Selon un responsable de l’Institut malaisien des affaires maritimes, cette affaire est « le symptôme d’un problème plus large en Chine : la perte d’autorité du centre sur la périphérie(5) ».

(5) « China in transition », Hongkong (Far Eastern Economic Review Publication) 1994, S. 186. (Le Monde diplomatique, 2000-06 : 6)

Militärs, die sich der Kontrolle Pekings entziehen, sollen mit dem Segen der Hafen- und Zollverwaltung die „Alicia Star“ abgefangen haben, um die Zigaretten als Schmuggelware auf dem chinesischen Festland in Umlauf zu bringen. Diese Affäre, so ein Vertreter des malaysischen Instituts für Seeangelegenheiten, ist „Symptom eines größeren Problems in China: der Autoritätsverlust der Zentralgewalt gegenüber der Peripherie“.(5)

(5) China in transition, Far Eastern Economic Review Publication, Hongkong, 1994, p. 186. (taz, dans

Le Monde diplomatique, 2000-06 : 6)

Toutefois, si le DD contient des déictiques pouvant renvoyer à l’énonciateur premier (notamment un pronom de 1ère personne du pluriel), selon est inadéquat, car l’orientation énonciative de « selon Brant » et « chez nous » est divergente :

(182) „Das ist de facto ein Bürgerkrieg der Leute, die das Geld und die Macht haben, sich zu schützen“, meint Vinicius Caldeira Brant, Soziologe beim brasilianischen Zentrum für Analyse und Planung Cebrap. „In Europa“, so Brant, der selbst wiederholt Opfer der bis 1985 herrschenden Militärs wurde, „leben die Gewalttäter hinter den Mauern, bei uns sind es die Wohlhabenden.“ (Martin und Schumann, Die Globalisierungsfalle : 237)

« Il s’agit de facto d’une guerre civile menée par les gens qui ont suffisamment d’argent et de pouvoir pour se protéger », estime Vinicius Caldeira Brant, sociologue au Cebrap, le centre d’analyse et de planification brésilien. « En Europe, dit Brant, qui a lui-même été victime à plusieurs reprises des militaires au pouvoir jusqu'en 1985, ce sont les criminels qui vivent derrière des murs ; chez nous, ce sont les riches. » (Mannoni : 225)

* « En Europe, selon Brant, qui a lui-même été victime à plusieurs reprises des militaires au pouvoir jusqu’en 1985, ce sont les criminels qui vivent derrière des murs ; chez nous, ce sont les riches. »

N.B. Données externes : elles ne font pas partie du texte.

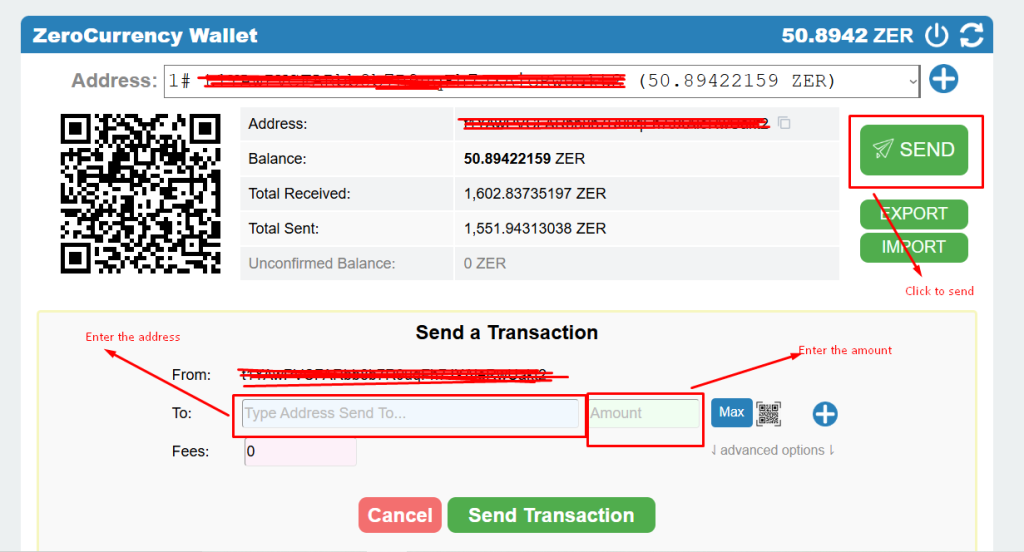 Next, go to ZeroChain, click Send, and paste the address you copied from ZerAds.

L’impossibilité de choisir un introducteur de cadre de discours explique dans le cas précédent l’emploi d’un verbe introducteur. Si la traduction employait « selon Brant », « chez nous » serait lu comme du discours premier, incluant donc l’énonciateur du texte. De plus, lorsque le propos a une portée générale, selon peut ne pas convenir. Dans l’exemple suivant, selon ne pourrait pas être employé dans le texte cible, car il serait incongru de présenter la loi comme l’émanation du point de vue d’une personne.

(183) Innerhalb der Ghetto-Mauern dürfen die Wachleute auf jeden Fremden schießen, auch wenn er niemanden bedroht und nicht bewaffnet ist. „Wer einen Eindringling auf seinem Privatbesitz erschießt“, so Sandorf, „ist in Brasilien immer im Recht.“ (Martin und Schumann, Die Globalisierungsfalle : 237)

Dans l’enceinte du ghetto, les gardiens sont autorisés à tirer sur n’importe quel étranger, même s’il ne menace personne, même s’il n est pas armé. « Au Brésil, lorsqu’on abat un intrus sur son terrain privé, on est toujours dans son droit », explique Sandorf. (Mannoni : 224-225)

* Dans l’enceinte du ghetto, les gardiens sont autorisés à tirer sur n’importe quel étranger, même s’il ne menace personne, même s’il n est pas armé. « Au Brésil, lorsqu’on abat un intrus sur son terrain privé, on est toujours dans son droit », selon Sandorf.

Il faut vérifier, dans la partie suivante, si le choix de verbes introducteurs pour traduire so

s’explique par l’impossibilité de choisir un introducteur de cadre de discours.